Joris GuffensJan 12 2024 — edited Jan 12 2024

I've struggled with this a few times in the past years. There are much more methods for normal completion as opposed to exceptional completion in the CompletionStage interface.

I just want to handle an exceptional completion from a previous stage in the chain. For a problem that should be trivial, the options are:

doSomethingAsync()
    .thenAccept(result -> handleResult(result))
    
    // option 1
    .exceptionally(throwable -> {
        LOGGER.error(throwable);
        return null; 
    })
    
    // option 2
    .whenComplete((result, throwable) -> {
        if ( throwable != null ) {
            LOGGER.error(throwable);
        }
    })
    
    // option 3
    .handle((result, throwable) -> {
        if ( throwable != null ) {
            LOGGER.error(throwable);
        }
        return null;
    })

For reference of these methods: https://docs.oracle.com/en/java/javase/21/docs/api/java.base/java/util/concurrent/CompletionStage.html

Option 1
I have to return a value for the new stage to complete normally. What if I don't have a meaningful fallback value or I don't want to continue completing normally?

Option 2
I have to check if the stage completed exceptionally. In this case, this is too verbose for something that should be trivial. I also don't have any use for the result parameter.

Option 3
Has both the issues of option 1 and option 2.
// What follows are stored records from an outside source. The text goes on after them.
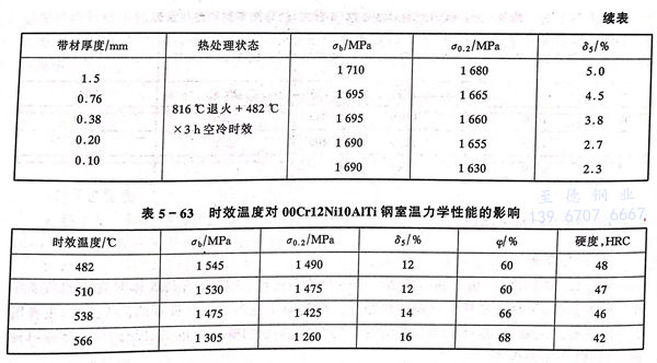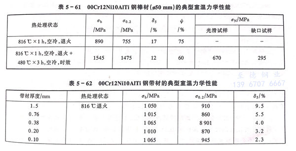 00Cr12Ni10AlTi 不銹(xiu)鋼在退火條件下具有(you)較高(gao)的抗拉強度和屈服強度,且塑性和韌性良好。通過簡單的時效處理,其強度水(shui)平較退火狀(zhuang)態(tai)提高(gao)1倍,同時保留了足夠的塑韌性。00Cr12Ni10AITi 不銹(xiu)鋼棒(bang)材(cai)、帶材(cai)及時效處理對室溫力學性能的影響見(jian)表(biao)(biao)5-61至表(biao)(biao)5-63。
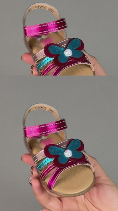 Sandalia Niña 13200 Multicolor Metálico Diseñada para las pequeñas fashionistas, esta sandalia multicolor brilla con detalles metálicos que capturan la luz en cada paso. La adorable mariposa y perla en el diseño añaden un toque mágico y divertido al calzado escolar. El cierre de velcro garantiza un ajuste seguro y fácil de poner, perfecto para niñas activas que necesitan practicidad sin sacrificar estilo. Cómoda, colorida y lista para cualquier aventura del día.
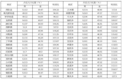 根据酉阳县第七次全国人口普查结果,现将2020年11月1日零时我县39个乡镇(街道)的人口性别构成情况公布如下:
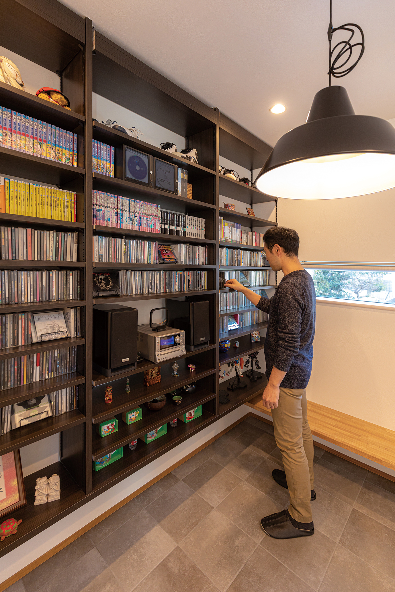 玄関土間続きの隠れ家的スペース『ヌック』。造作棚には600枚もCDが収納できます。
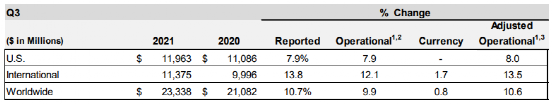 消费者健康业务: 2021年Q3,强生消费者健康业务营收37.00亿美元,同比+4.1%;
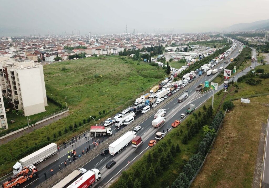Kocaeli’de TEM Otoyolu’nun Körfez geçişinde devrilen kamyon nedeniyle Ankara yönü ulaşıma kapandı. Yolda uzun araç kuyrukları oluştu.
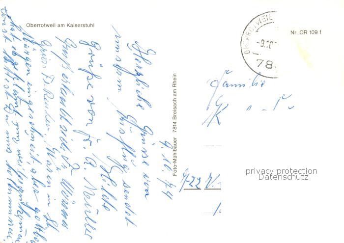 73195684 alte Postkarte Oberrotweil Panorama Rebe Monument Altarbild postalisch gelaufen Erhaltung siehe scans [WerneD78] KatCode: 11110008315133
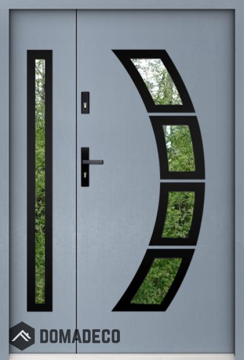 De deur is gemaakt van roestvrij staal. Binnenin is het gevuld met PUR-polyurethaanschuim en hout. De dikte van het deurblad is 55mm. Dubbel afdichtingssysteem - één afdichting bevindt zich in de opening van het kozijn en de andere bevindt zich in het ondersteunende deel van het deurblad. Dit vermindert trillingen en beschermt jouw huis tegen warmteverlies. Het volume verandert niet vonder invloed van atmosferische omstandigheden. Het kozijn heeft in de scharnierdelen en de vergrendelingspunten anti-inbraakversterkingen.
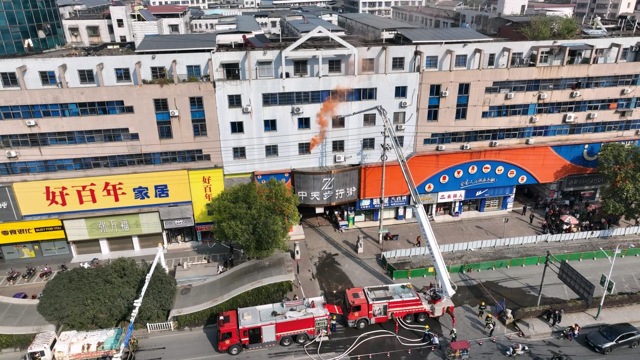 演练模拟鲤鱼江市场二楼一家居店因电器线路故障引发火灾。火势迅速蔓延,浓烟扩散至上层居民楼,市场二楼网吧、起火店铺及居民楼楼顶均有人员被困。资兴市应急救援指挥部接报后立即启动应急响应,成立现场总指挥部,统筹指挥综合协调、灭火救援、现场管控、初期处置、信息核查、新闻发布、舆情处置等7个工作组展开行动。

Additionally, I have seen some smelly things happen which could have been avoided with a better API. For example when the last stage of the chain is:

.whenComplete((result, throwable) -> {
    if ( throwable != null ) {
        LOGGER.error(throwable);
    }
    handleResult(result); // <- what if an exception occurs here? This will not be handled.
})

Proposed solutions
Just as with .thenApply(…) and .thenAccept(…) I think that .exceptionally(…) should respectively have been .exceptionallyApply(…) and .exceptionallyAccept(…). Continuing normal completion without a value is a valid use case.

But then again, what if you don't want to continue normal completion? There might be future stages that expect a non-null value and you can't provide a meaningful fallback, you want to continue the exceptional flow. That's why I also suggest .whenExceptionally(…) which behaves the same as .whenComplete(…) but accepts a Consumer with only the throwable parameter. (It might also be nice to add a similar method for normal completion)

Please let me know what you think!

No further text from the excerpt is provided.